┌─ Source data

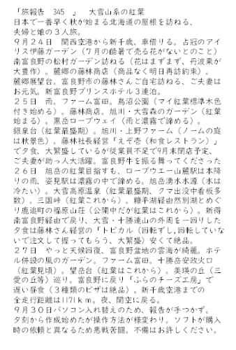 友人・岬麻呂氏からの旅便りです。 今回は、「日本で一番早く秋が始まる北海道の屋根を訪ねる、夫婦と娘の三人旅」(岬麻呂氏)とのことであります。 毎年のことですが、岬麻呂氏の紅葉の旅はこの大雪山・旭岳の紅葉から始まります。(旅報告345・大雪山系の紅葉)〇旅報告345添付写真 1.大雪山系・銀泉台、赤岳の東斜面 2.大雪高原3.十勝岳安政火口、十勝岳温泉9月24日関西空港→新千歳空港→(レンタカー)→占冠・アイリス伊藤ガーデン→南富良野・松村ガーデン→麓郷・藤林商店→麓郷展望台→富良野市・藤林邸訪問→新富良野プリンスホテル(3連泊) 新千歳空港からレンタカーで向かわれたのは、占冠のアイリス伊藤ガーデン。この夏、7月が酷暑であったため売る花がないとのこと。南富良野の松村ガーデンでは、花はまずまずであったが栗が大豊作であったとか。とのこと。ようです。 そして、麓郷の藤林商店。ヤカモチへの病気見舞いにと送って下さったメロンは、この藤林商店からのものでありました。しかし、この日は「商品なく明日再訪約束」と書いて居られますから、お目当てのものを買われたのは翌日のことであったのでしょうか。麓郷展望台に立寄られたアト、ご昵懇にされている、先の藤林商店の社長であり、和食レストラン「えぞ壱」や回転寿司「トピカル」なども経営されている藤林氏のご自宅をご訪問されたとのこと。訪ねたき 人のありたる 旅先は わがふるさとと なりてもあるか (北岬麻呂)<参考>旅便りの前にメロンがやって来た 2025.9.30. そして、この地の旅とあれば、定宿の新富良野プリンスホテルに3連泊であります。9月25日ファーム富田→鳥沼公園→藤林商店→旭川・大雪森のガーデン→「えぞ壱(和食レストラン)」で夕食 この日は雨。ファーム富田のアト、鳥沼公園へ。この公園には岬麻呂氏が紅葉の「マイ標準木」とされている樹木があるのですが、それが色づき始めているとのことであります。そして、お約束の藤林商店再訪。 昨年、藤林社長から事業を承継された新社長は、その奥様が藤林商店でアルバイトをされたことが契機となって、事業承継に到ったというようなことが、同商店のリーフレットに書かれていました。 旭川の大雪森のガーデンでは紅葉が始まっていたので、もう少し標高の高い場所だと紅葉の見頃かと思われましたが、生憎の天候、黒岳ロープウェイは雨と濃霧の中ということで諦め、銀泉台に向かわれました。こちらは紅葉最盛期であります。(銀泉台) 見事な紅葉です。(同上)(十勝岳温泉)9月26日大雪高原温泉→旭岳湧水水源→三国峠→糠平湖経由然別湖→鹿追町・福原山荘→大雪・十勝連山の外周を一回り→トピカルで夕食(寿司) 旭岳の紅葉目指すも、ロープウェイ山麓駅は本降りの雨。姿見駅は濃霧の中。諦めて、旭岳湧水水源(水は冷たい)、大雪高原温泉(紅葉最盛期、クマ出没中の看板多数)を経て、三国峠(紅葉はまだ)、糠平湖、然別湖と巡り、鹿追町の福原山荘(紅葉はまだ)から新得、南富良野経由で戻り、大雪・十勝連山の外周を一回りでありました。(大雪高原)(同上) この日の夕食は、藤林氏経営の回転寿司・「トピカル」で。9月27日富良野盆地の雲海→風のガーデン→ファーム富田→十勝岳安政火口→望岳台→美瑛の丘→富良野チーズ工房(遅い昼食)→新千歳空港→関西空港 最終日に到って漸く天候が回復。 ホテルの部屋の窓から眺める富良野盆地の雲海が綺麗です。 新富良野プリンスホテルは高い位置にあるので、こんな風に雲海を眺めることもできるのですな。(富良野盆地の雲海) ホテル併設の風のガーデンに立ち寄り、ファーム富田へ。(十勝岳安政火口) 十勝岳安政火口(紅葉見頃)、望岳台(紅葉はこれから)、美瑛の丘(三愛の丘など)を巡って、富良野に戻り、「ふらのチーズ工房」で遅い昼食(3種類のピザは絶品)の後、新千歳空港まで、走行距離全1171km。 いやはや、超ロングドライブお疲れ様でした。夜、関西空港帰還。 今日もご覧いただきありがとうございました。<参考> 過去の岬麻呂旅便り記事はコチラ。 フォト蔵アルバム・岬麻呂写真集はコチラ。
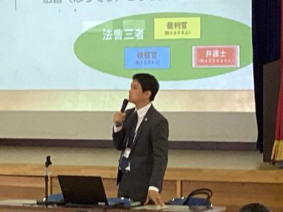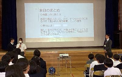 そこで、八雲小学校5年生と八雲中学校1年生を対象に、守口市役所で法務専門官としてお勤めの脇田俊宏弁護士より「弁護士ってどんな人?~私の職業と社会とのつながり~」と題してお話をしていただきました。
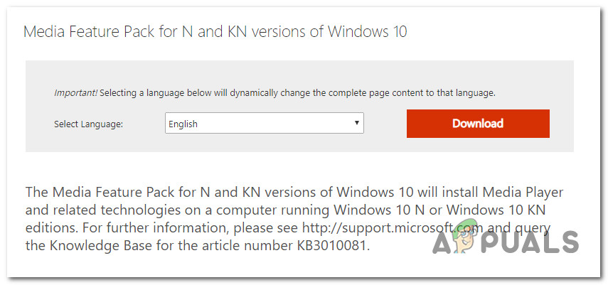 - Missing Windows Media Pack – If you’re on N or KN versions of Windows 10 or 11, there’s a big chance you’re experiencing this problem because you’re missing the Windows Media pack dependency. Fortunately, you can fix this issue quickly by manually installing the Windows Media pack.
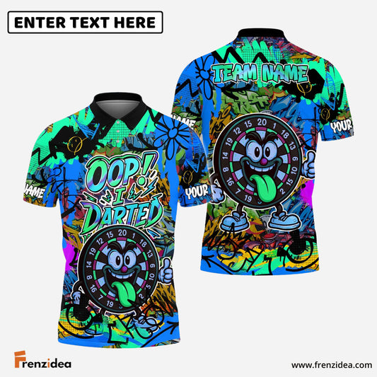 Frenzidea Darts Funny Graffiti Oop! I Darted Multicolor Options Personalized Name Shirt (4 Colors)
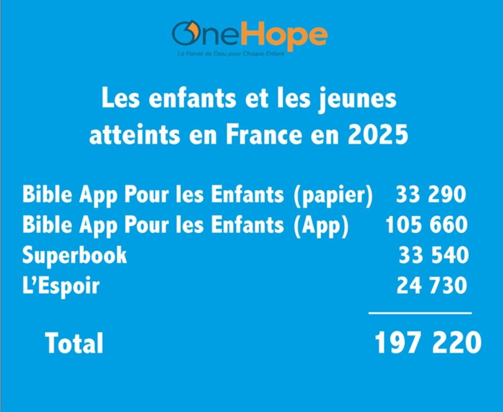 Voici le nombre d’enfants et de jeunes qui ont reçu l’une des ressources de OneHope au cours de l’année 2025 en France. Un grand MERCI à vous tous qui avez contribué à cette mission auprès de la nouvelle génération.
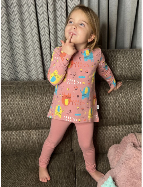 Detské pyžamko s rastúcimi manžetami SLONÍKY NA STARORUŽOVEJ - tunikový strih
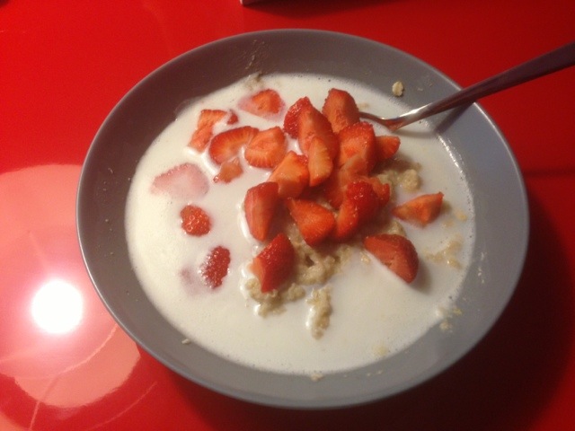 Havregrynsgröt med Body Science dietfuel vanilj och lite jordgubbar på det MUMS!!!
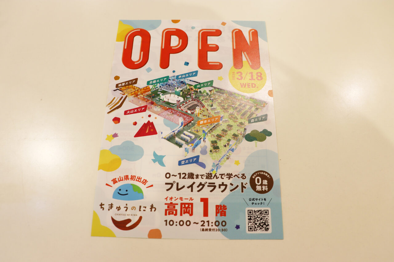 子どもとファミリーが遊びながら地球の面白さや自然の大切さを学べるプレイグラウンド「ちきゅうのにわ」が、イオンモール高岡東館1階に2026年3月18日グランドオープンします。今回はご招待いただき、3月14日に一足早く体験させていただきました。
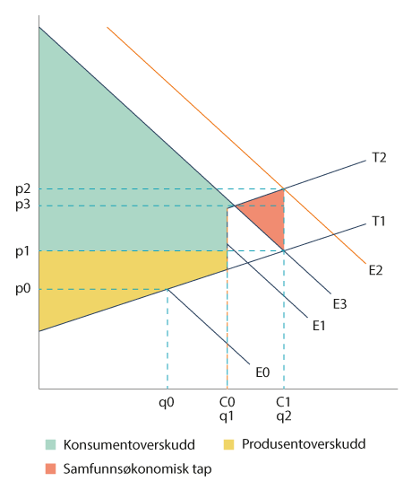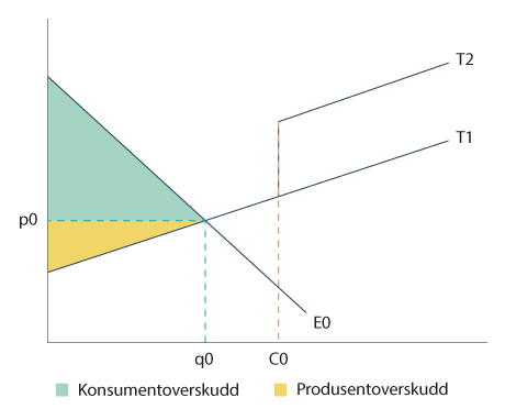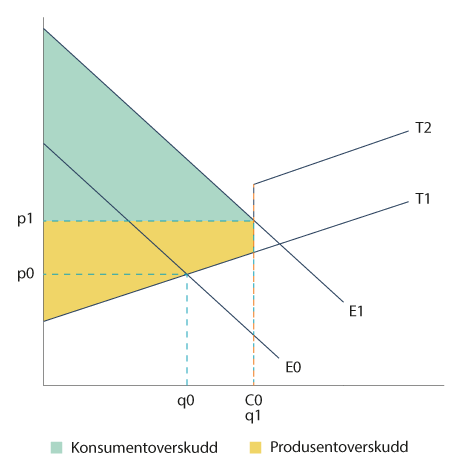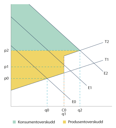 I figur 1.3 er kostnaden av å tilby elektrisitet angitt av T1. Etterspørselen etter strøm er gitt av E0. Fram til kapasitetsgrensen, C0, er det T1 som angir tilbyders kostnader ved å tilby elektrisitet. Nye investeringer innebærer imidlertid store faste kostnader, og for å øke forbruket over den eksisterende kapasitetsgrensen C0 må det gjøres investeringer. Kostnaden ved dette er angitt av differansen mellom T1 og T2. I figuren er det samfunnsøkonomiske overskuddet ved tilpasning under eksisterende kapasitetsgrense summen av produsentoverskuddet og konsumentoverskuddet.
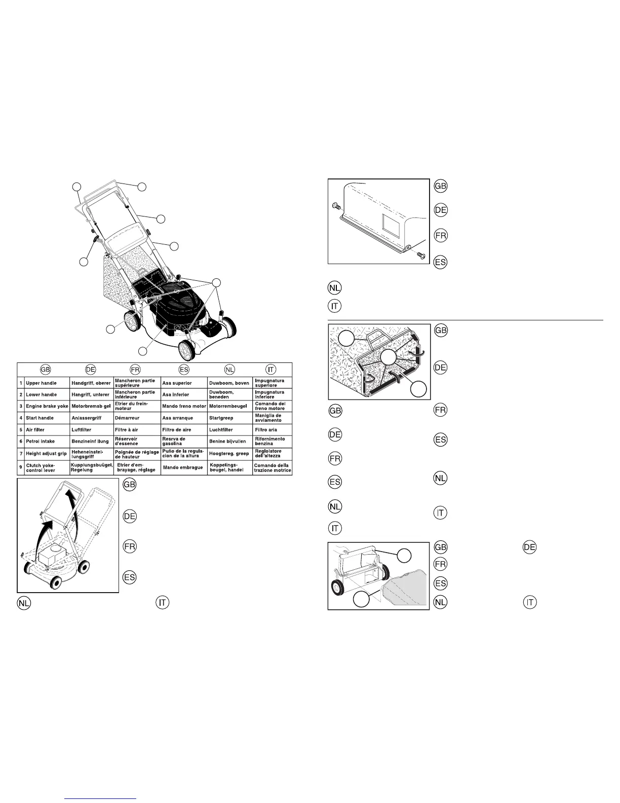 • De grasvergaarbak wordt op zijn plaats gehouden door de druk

└─

◆ What is needed ◆
Could the data above be reproduced exactly, with the pictures left out?

◆ Written answer ◆
 友人・岬麻呂氏からの旅便りです。 今回は、「日本で一番早く秋が始まる北海道の屋根を訪ねる、夫婦と娘の三人旅」(岬麻呂氏)とのことであります。 毎年のことですが、岬麻呂氏の紅葉の旅はこの大雪山・旭岳の紅葉から始まります。(旅報告345・大雪山系の紅葉)〇旅報告345添付写真 1.大雪山系・銀泉台、赤岳の東斜面 2.大雪高原3.十勝岳安政火口、十勝岳温泉9月24日関西空港→新千歳空港→(レンタカー)→占冠・アイリス伊藤ガーデン→南富良野・松村ガーデン→麓郷・藤林商店→麓郷展望台→富良野市・藤林邸訪問→新富良野プリンスホテル(3連泊) 新千歳空港からレンタカーで向かわれたのは、占冠のアイリス伊藤ガーデン。この夏、7月が酷暑であったため売る花がないとのこと。南富良野の松村ガーデンでは、花はまずまずであったが栗が大豊作であったとか。とのこと。ようです。 そして、麓郷の藤林商店。ヤカモチへの病気見舞いにと送って下さったメロンは、この藤林商店からのものでありました。しかし、この日は「商品なく明日再訪約束」と書いて居られますから、お目当てのものを買われたのは翌日のことであったのでしょうか。麓郷展望台に立寄られたアト、ご昵懇にされている、先の藤林商店の社長であり、和食レストラン「えぞ壱」や回転寿司「トピカル」なども経営されている藤林氏のご自宅をご訪問されたとのこと。訪ねたき 人のありたる 旅先は わがふるさとと なりてもあるか (北岬麻呂)<参考>旅便りの前にメロンがやって来た 2025.9.30. そして、この地の旅とあれば、定宿の新富良野プリンスホテルに3連泊であります。9月25日ファーム富田→鳥沼公園→藤林商店→旭川・大雪森のガーデン→「えぞ壱(和食レストラン)」で夕食 この日は雨。ファーム富田のアト、鳥沼公園へ。この公園には岬麻呂氏が紅葉の「マイ標準木」とされている樹木があるのですが、それが色づき始めているとのことであります。そして、お約束の藤林商店再訪。 昨年、藤林社長から事業を承継された新社長は、その奥様が藤林商店でアルバイトをされたことが契機となって、事業承継に到ったというようなことが、同商店のリーフレットに書かれていました。 旭川の大雪森のガーデンでは紅葉が始まっていたので、もう少し標高の高い場所だと紅葉の見頃かと思われましたが、生憎の天候、黒岳ロープウェイは雨と濃霧の中ということで諦め、銀泉台に向かわれました。こちらは紅葉最盛期であります。(銀泉台) 見事な紅葉です。(同上)(十勝岳温泉)9月26日大雪高原温泉→旭岳湧水水源→三国峠→糠平湖経由然別湖→鹿追町・福原山荘→大雪・十勝連山の外周を一回り→トピカルで夕食(寿司) 旭岳の紅葉目指すも、ロープウェイ山麓駅は本降りの雨。姿見駅は濃霧の中。諦めて、旭岳湧水水源(水は冷たい)、大雪高原温泉(紅葉最盛期、クマ出没中の看板多数)を経て、三国峠(紅葉はまだ)、糠平湖、然別湖と巡り、鹿追町の福原山荘(紅葉はまだ)から新得、南富良野経由で戻り、大雪・十勝連山の外周を一回りでありました。(大雪高原)(同上) この日の夕食は、藤林氏経営の回転寿司・「トピカル」で。9月27日富良野盆地の雲海→風のガーデン→ファーム富田→十勝岳安政火口→望岳台→美瑛の丘→富良野チーズ工房(遅い昼食)→新千歳空港→関西空港 最終日に到って漸く天候が回復。 ホテルの部屋の窓から眺める富良野盆地の雲海が綺麗です。 新富良野プリンスホテルは高い位置にあるので、こんな風に雲海を眺めることもできるのですな。(富良野盆地の雲海) ホテル併設の風のガーデンに立ち寄り、ファーム富田へ。(十勝岳安政火口) 十勝岳安政火口(紅葉見頃)、望岳台(紅葉はこれから)、美瑛の丘(三愛の丘など)を巡って、富良野に戻り、「ふらのチーズ工房」で遅い昼食(3種類のピザは絶品)の後、新千歳空港まで、走行距離全1171km。 いやはや、超ロングドライブお疲れ様でした。夜、関西空港帰還。 今日もご覧いただきありがとうございました。<参考> 過去の岬麻呂旅便り記事はコチラ。 フォト蔵アルバム・岬麻呂写真集はコチラ。
 そこで、八雲小学校5年生と八雲中学校1年生を対象に、守口市役所で法務専門官としてお勤めの脇田俊宏弁護士より「弁護士ってどんな人?~私の職業と社会とのつながり~」と題してお話をしていただきました。
 - Missing Windows Media Pack – If you’re on N or KN versions of Windows 10 or 11, there’s a big chance you’re experiencing this problem because you’re missing the Windows Media pack dependency. Fortunately, you can fix this issue quickly by manually installing the Windows Media pack.
 Frenzidea Darts Funny Graffiti Oop! I Darted Multicolor Options Personalized Name Shirt (4 Colors)
 Voici le nombre d’enfants et de jeunes qui ont reçu l’une des ressources de OneHope au cours de l’année 2025 en France. Un grand MERCI à vous tous qui avez contribué à cette mission auprès de la nouvelle génération.
 Detské pyžamko s rastúcimi manžetami SLONÍKY NA STARORUŽOVEJ - tunikový strih
 Havregrynsgröt med Body Science dietfuel vanilj och lite jordgubbar på det MUMS!!!
 子どもとファミリーが遊びながら地球の面白さや自然の大切さを学べるプレイグラウンド「ちきゅうのにわ」が、イオンモール高岡東館1階に2026年3月18日グランドオープンします。今回はご招待いただき、3月14日に一足早く体験させていただきました。
 I figur 1.3 er kostnaden av å tilby elektrisitet angitt av T1. Etterspørselen etter strøm er gitt av E0. Fram til kapasitetsgrensen, C0, er det T1 som angir tilbyders kostnader ved å tilby elektrisitet. Nye investeringer innebærer imidlertid store faste kostnader, og for å øke forbruket over den eksisterende kapasitetsgrensen C0 må det gjøres investeringer. Kostnaden ved dette er angitt av differansen mellom T1 og T2. I figuren er det samfunnsøkonomiske overskuddet ved tilpasning under eksisterende kapasitetsgrense summen av produsentoverskuddet og konsumentoverskuddet.
 • De grasvergaarbak wordt op zijn plaats gehouden door de druk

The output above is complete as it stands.